British Columbia Court of Appeal legalizes same-sex marriage
Denying same-sex couples the right to marry violates Charter, Court holds
In Egale Canada Inc. v. Canada (Attorney General), the British Columbia Court of Appeal became the first appellate court to find a right to same-sex marriage, concluding that denying same-sex couples the right to marry violates s. 15 of the Canadian Charter of Rights and Freedoms.
In May, 2003, the British Columbia Court of Appeal became the first provincial court of appeal in Canada to rule that gays and lesbians have a right to marry.
On October 2, 2001, the British Columbia Supreme Court dismissed applications brought by several same-sex couples seeking the right to marry. The court gave alternative reasons for its decision. First, it reached the novel conclusion that the term “marriage” under s. 91(26) of the Constitution Act, 1867 could only mean a monogamous opposite-sex relationship because that is what it must have meant to the framers of the Constitution in 1867. Neither a court nor Parliament could alter that definition, the court concluded. It was frozen in time and the only way to change it was by a constitutional amendment.
Second, the court held that the common law definition of marriage (which it determined to be a “lawful and monogamous union of two persons of the opposite sex”) violated the equality rights of gays and lesbians under s. 15 of the Charter. However, it concluded that this limit on rights was reasonable under s. 1 of the Charter.

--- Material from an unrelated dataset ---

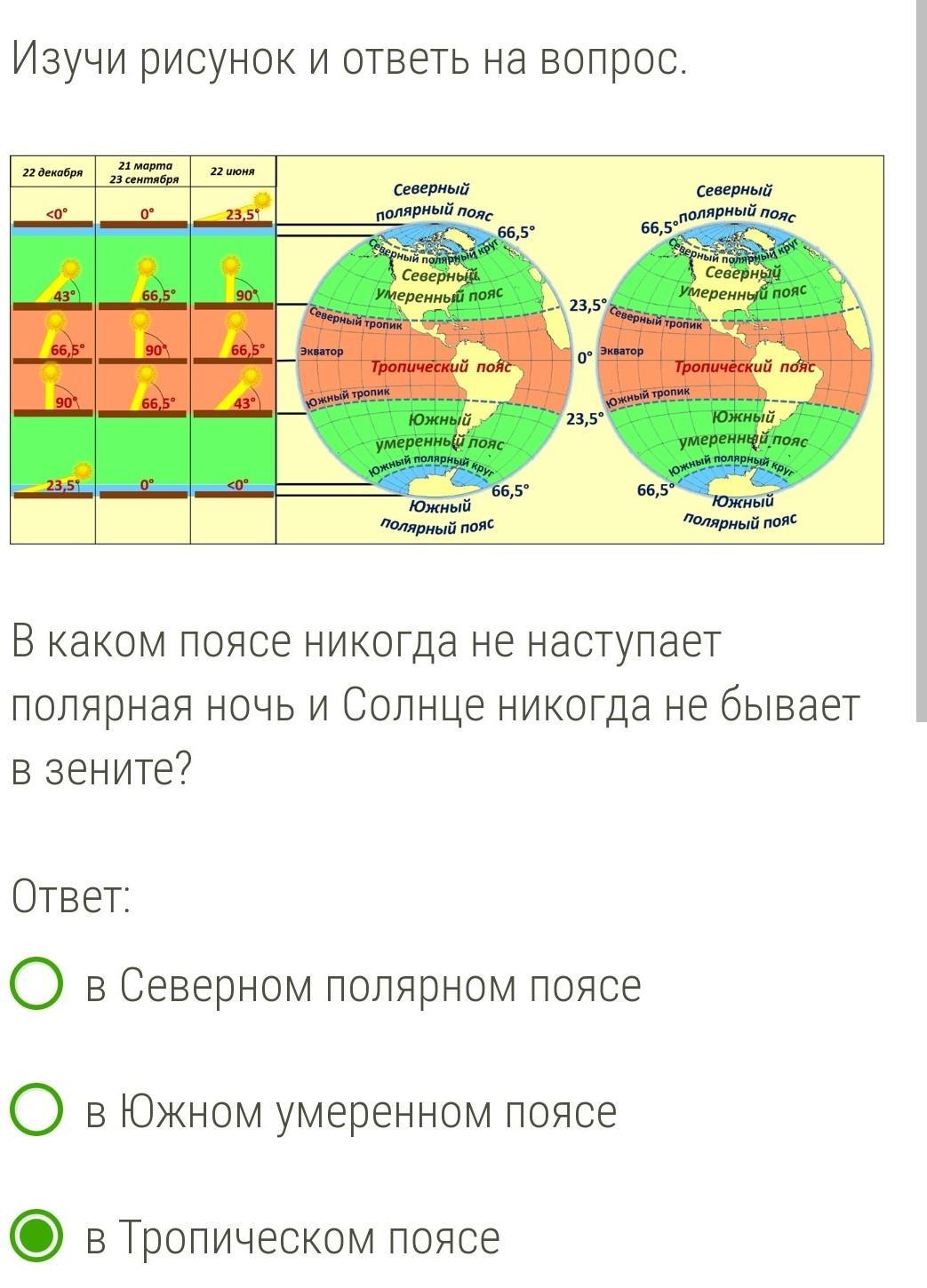 Два умеренных пояса освещенности отличаются от прочих тем, что за год на любой из широт каждые 24 часа делятся на дневное и ночное время. Солнце здесь никогда не бывает в зените. Полярные пояса освещенности хранят в себе секрет такого природного явления как полярный день и полярная ночь.

Egale Canada and five couples seeking the right to marry appealed the decision to the British Columbia Court of Appeal.
The B.C. Court of Appeal’s decision
The B.C. Court of Appeal granted the appeal and overturned the lower court decision.
The B.C. Court of Appeal largely agreed with the reasons of Justice LaForme in the Ontario Divisional Court’s July 2002 decision on the same issue. Justice LaForme had rejected the same “frozen in time” argument:
Given that “marriage” refers only to a topic or “class of subjects” of potential legislation, it cannot contain an internal frozen in time meaning that reflects the presumed framers’ intent as it may have been in 1867. It must — as the authorities have proclaimed — be interpreted “as describing a subject for legislation, not a definite object.” Canadian courts have repeatedly declared that the language of the B.N.A. Act “must be given a large and liberal interpretation” recognizing “the magnitude of the subject with which it purports to deal in very few words”
The Court of Appeal also rejected the lower court’s conclusion that a ban on same-sex marriage was justified under s. 1 of the Charter, again largely for the reasons given by Justice LaForme in the Ontario case.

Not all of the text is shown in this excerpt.